For Christian conservatives, we see the movement to expand marriage rights to same-sex couples, and we don’t see an expansion of liberty; we see the obliteration of the idea of the family as a binding, normative social institution. In truth, it is both — but the American people have decided that individual liberty is more important. On gambling, I see it as a vice that destroys the poor and their families. Others see it as an exercise in liberty. Those others carry the day in America. I expect that it will get more and more this way as the generation taught that the only real sin is to judge others comes into power.

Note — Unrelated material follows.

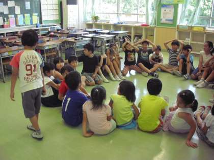 また、それぞれの班で遊びリーダーを立てて、「ハンカチ落とし」や「フルーツバスケット」など、みんなが楽しめるよう遊びを計画しました。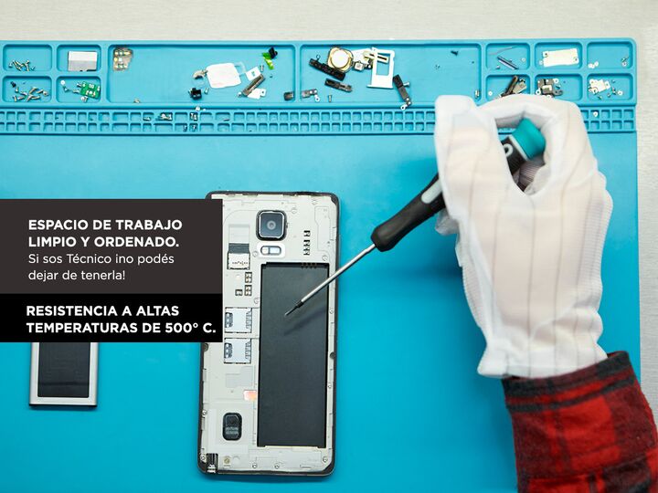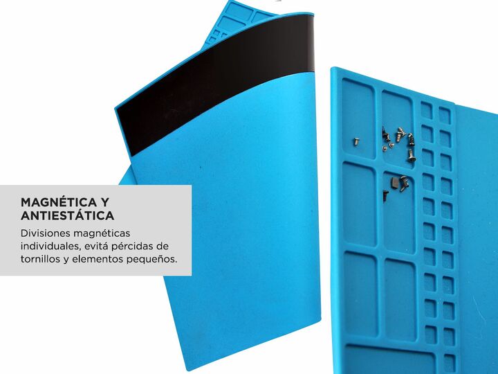Protección de la superficie: la alfombrilla de soldadura de silicona protege tu espacio de trabajo de quemaduras resistiendo temperaturas de hasta 500° Espacio de trabajo limpio y ordenado: mantiene un entorno de trabajo limpio y organizado. Asegúrate de que no se pierden piezas pequeñas o herramien...

All politics is about balancing the rights of the individual against the community. Too much collective power is oppressive; too much individual power is anarchic. In a democracy, we will always be struggling with this tension. What has changed, I think, is that we have come to a point where people no longer think of the common good. This is Dante’s great lament about Tuscany in his day: that people only thought of the good of themselves and their own party or tribe. The result was chaotic, and tore at the fabric of society.

This is where we are headed.

I am not a libertarian; if anything, I’m a Red Tory, or a Christian Democrat in the European sense. But ours is not a culture where Red Toryism or Christian Democracy makes much sense. It might have at one time, but not anymore. I have been thinking for a couple of years now that if I’m going to protect my religious liberty rights (the most important right, in my view), I’m going to have to figure out how to do so within a libertarian framework.

A thought that rests uneasily in my mind after reading Ryan’s comment: have I given up on America too? Does this describe me?:

A crucial turning point in that earlier history occurred when men and women of good will turned aside from the task of shoring up the Roman imperium and ceased to identify the continuation of civility and moral community with the maintenance of that imperium.

I think it probably does. It makes it hard to know who to vote for, though. In a time like this, prophets are more important than politicians.

Maybe that makes me an “unpatriotic conservative.” I know what I want to conserve, but I don’t know that it is compatible with what our country is becoming. I’d like to be wrong.